# Compare KLime and Shapley Reason Codes

The goal of this notebook is to compare the reason codes created from the two method provided by Driverless AI: 

* [Shapley](http://docs.h2o.ai/driverless-ai/latest-stable/docs/userguide/interpreting.html#shapley-plot)
* [K-Lime](http://docs.h2o.ai/driverless-ai/latest-stable/docs/userguide/interpreting.html#k-lime-and-lime-sup)
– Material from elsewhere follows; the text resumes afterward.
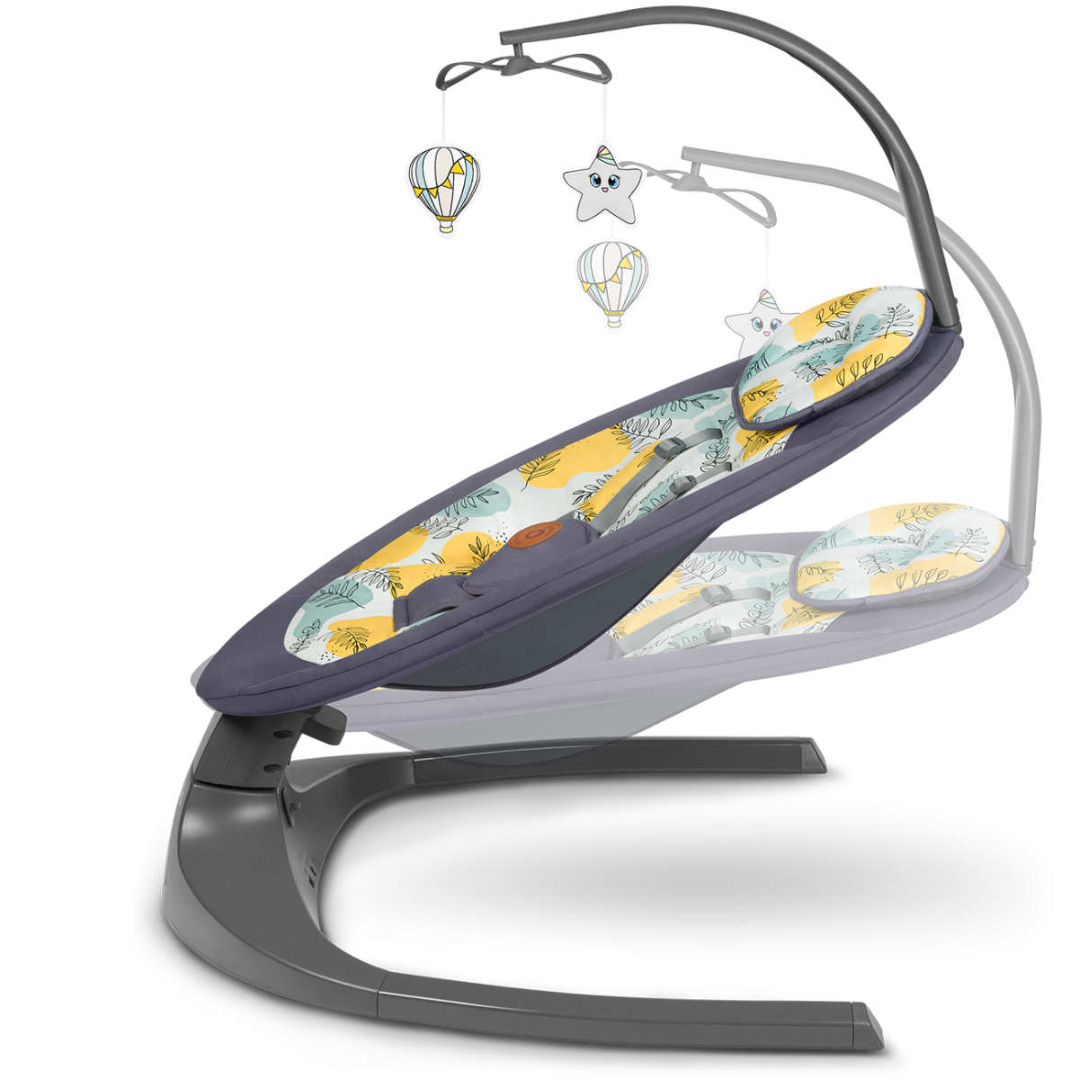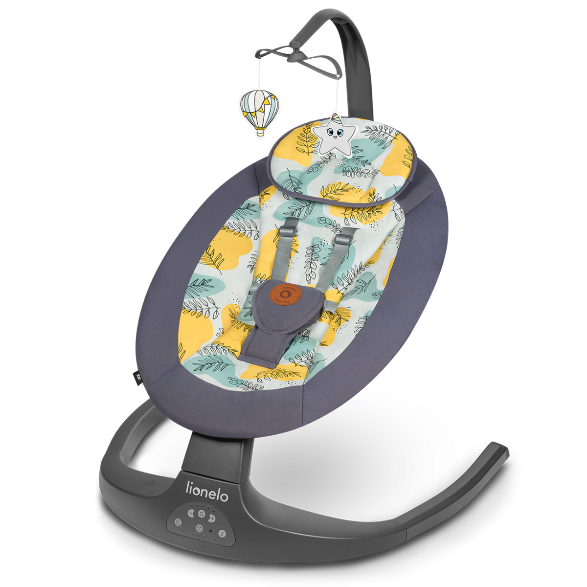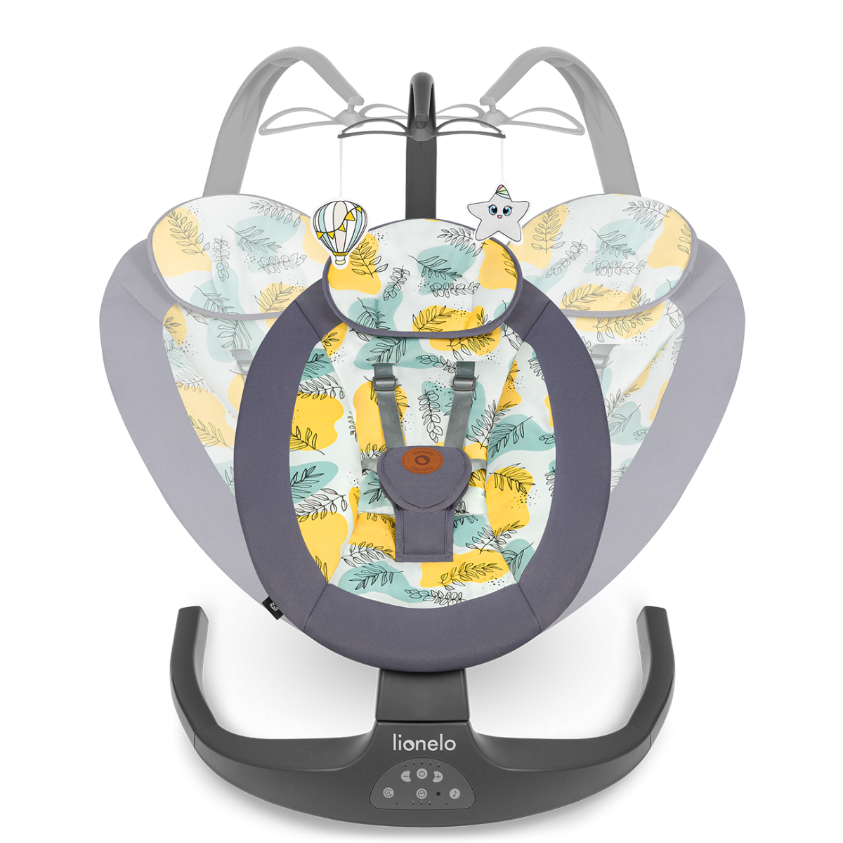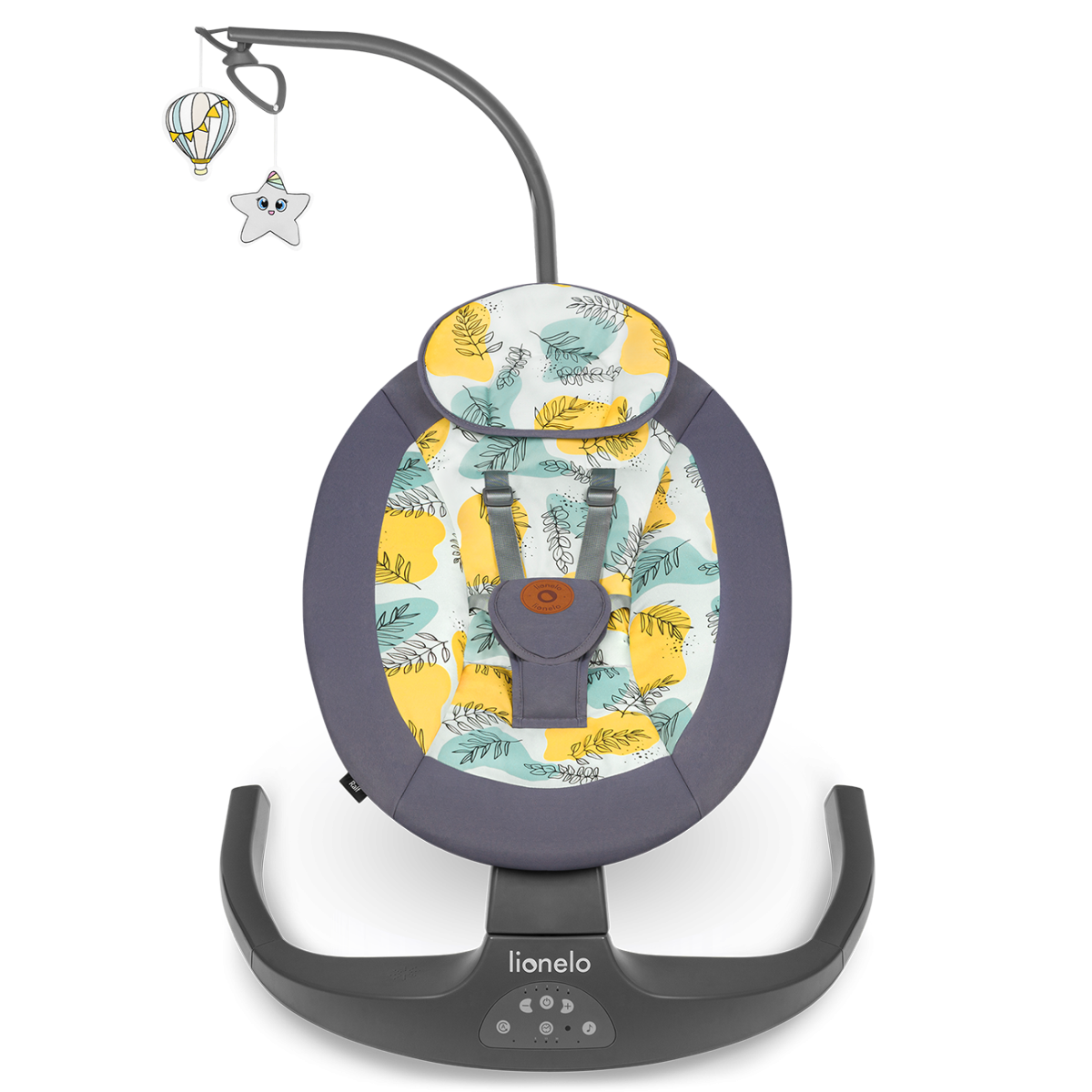 Το Lionelo Ralf έχει τη δυνατότητα να αιωρείται με πέντε διαφορετικά επίπεδα ταχύτητας. Η κίνηση λικνίσματος είναι πλάγια: δεξιά-αριστερά . Ο ενσωματωμένος χρονοδιακόπτης σάς επιτρέπει να επιλέξετε έναν από τους τρεις χρόνους παλινδρόμησης – 8, 15 ή 30 λεπτά.

Shapley uses the final Driverless AI model to create reason codes whereas K-Lime uses surrogate GLM models.  This tends to make Shapley more accurate and K-Lime more interpretable.  The K-Lime surrogate models are trained on the original data (no feature engineering) which generally makes K-Lime reason codes more understandable.  

In this notebook, we will use the MLI scoring pipeline to compare the reason codes from K-Lime and Shapley.  



## Install Scoring Libraries

The steps below describe how to set up the Python environment to use the MLI scoring pipeline functions:

1. On the MLI page, click the Scoring Pipeline button.  
![mli-scoring-pipeline](images/scoring_pipeline_mli.png)
    
    
2. Unzip the scoring pipeline, and run the  bash script: `run_example_shapley.sh` in the **scoring-pipeline-mli** folder.   (This requires Linux x86_64 and Python 3.6.).  This script will set up the Python environment for you with all necessary libraries loaded.
    
    `$ bash run_example_shapley.sh`


3. Activate the Python environment

    `$ bash mli_dai_env/bin/activate`

## Define Scorers

* scorer = predictions and reason codes from Driverless model
* mli_scorer = predictions and reason codes from Surrogate models (like k-lime)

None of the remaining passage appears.